• Required work
Here are the records. Write out exactly the lines between the one holding "9. REMOVE ANDREINSTALL." and the one holding "ストライプシャツにホワイトパ", inclusive.

• Data extracts
::::::::::

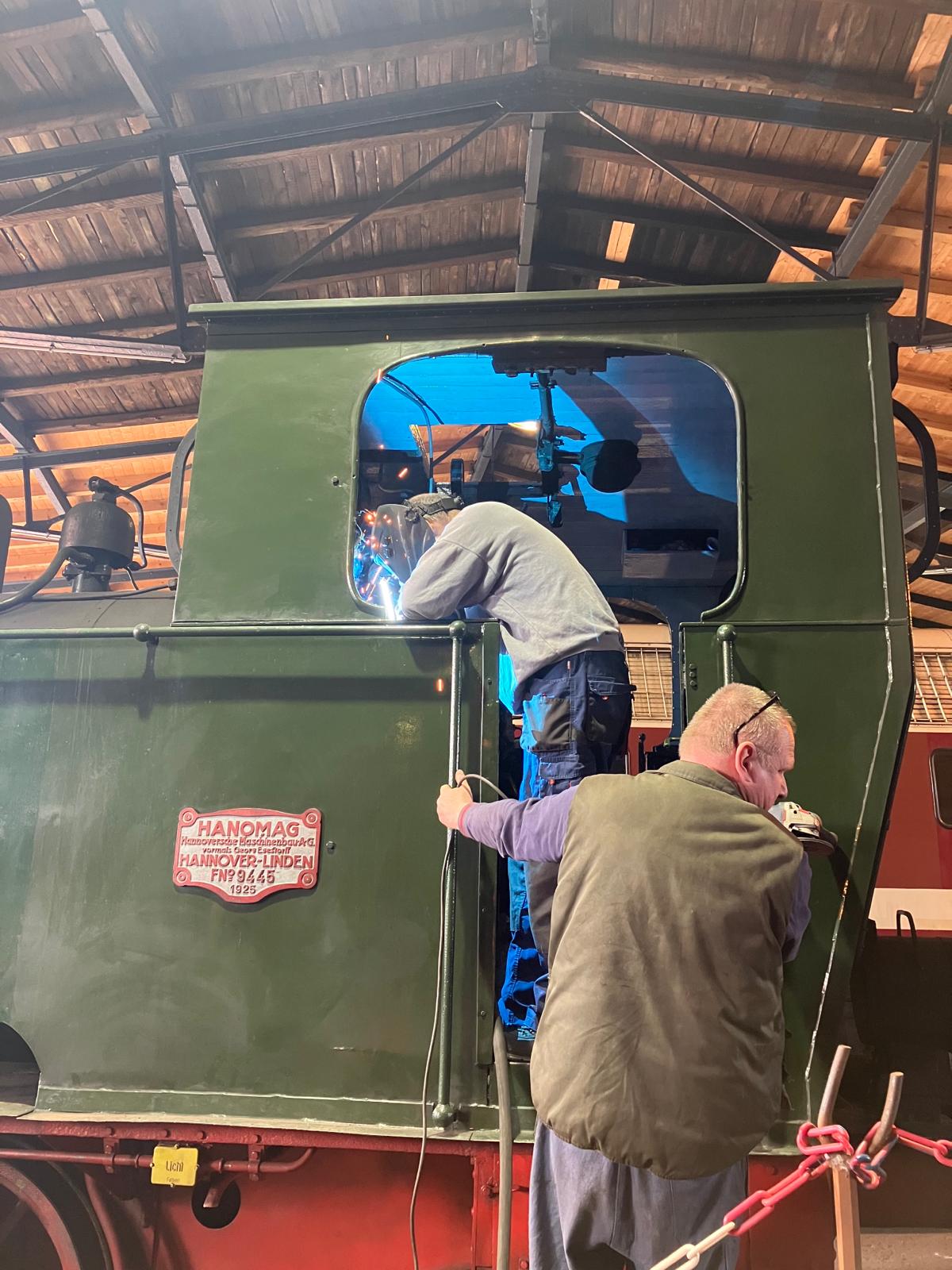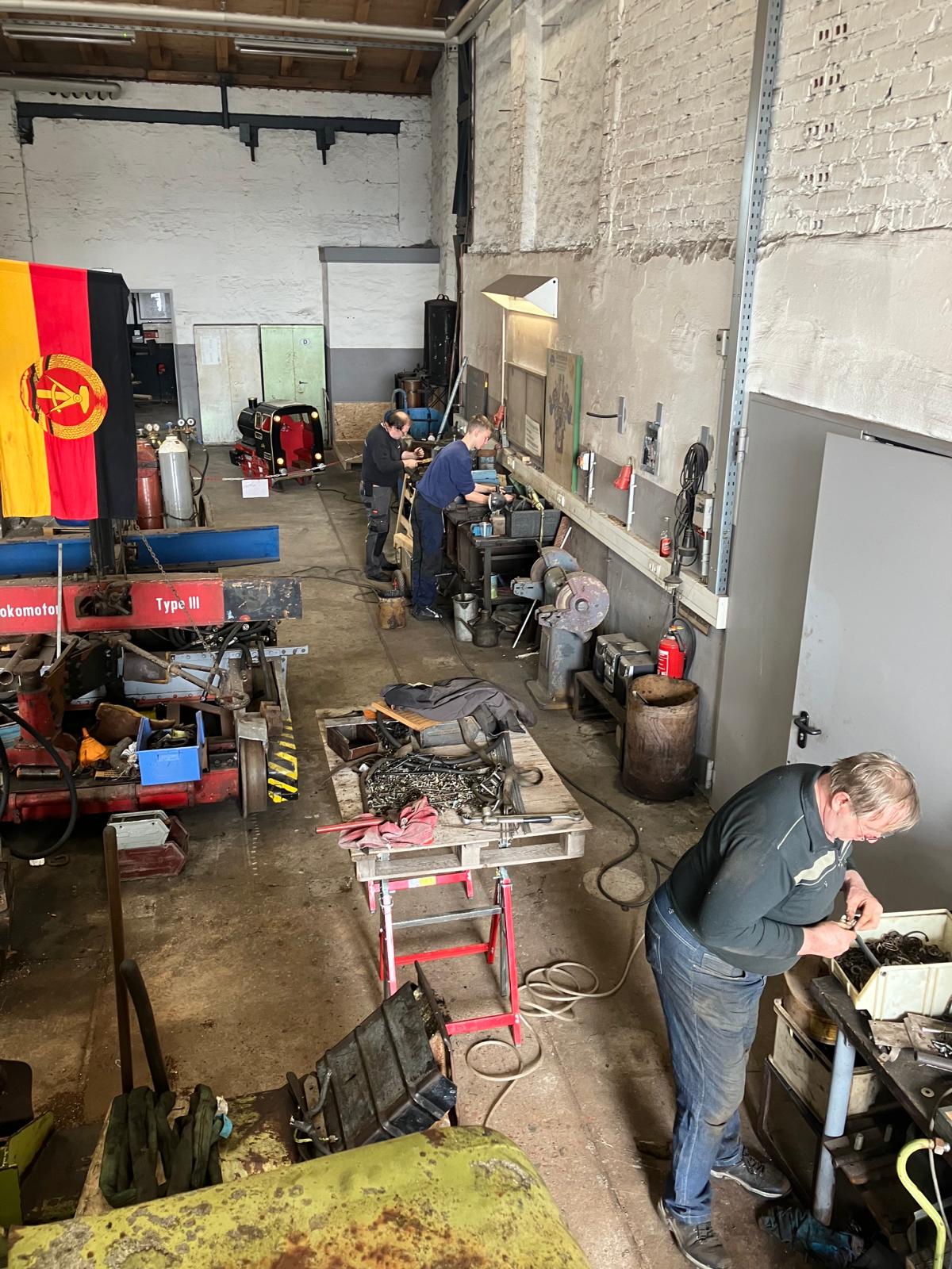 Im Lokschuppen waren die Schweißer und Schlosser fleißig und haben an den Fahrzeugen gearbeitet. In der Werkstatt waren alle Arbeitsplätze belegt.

::::::::::

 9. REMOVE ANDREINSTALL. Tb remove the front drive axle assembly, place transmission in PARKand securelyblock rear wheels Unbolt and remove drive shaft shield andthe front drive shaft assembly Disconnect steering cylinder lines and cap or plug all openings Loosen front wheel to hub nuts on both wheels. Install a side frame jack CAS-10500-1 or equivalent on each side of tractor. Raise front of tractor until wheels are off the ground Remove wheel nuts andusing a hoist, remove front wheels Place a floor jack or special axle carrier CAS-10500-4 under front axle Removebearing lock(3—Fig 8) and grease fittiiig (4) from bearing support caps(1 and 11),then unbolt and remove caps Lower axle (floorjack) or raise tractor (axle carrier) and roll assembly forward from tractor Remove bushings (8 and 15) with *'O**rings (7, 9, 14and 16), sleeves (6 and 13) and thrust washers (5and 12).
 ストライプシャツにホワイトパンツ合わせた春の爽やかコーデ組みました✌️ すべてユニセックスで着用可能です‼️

::::::::::

• Your solution
 9. REMOVE ANDREINSTALL. Tb remove the front drive axle assembly, place transmission in PARKand securelyblock rear wheels Unbolt and remove drive shaft shield andthe front drive shaft assembly Disconnect steering cylinder lines and cap or plug all openings Loosen front wheel to hub nuts on both wheels. Install a side frame jack CAS-10500-1 or equivalent on each side of tractor. Raise front of tractor until wheels are off the ground Remove wheel nuts andusing a hoist, remove front wheels Place a floor jack or special axle carrier CAS-10500-4 under front axle Removebearing lock(3—Fig 8) and grease fittiiig (4) from bearing support caps(1 and 11),then unbolt and remove caps Lower axle (floorjack) or raise tractor (axle carrier) and roll assembly forward from tractor Remove bushings (8 and 15) with *'O**rings (7, 9, 14and 16), sleeves (6 and 13) and thrust washers (5and 12).
 ストライプシャツにホワイトパンツ合わせた春の爽やかコーデ組みました✌️ すべてユニセックスで着用可能です‼️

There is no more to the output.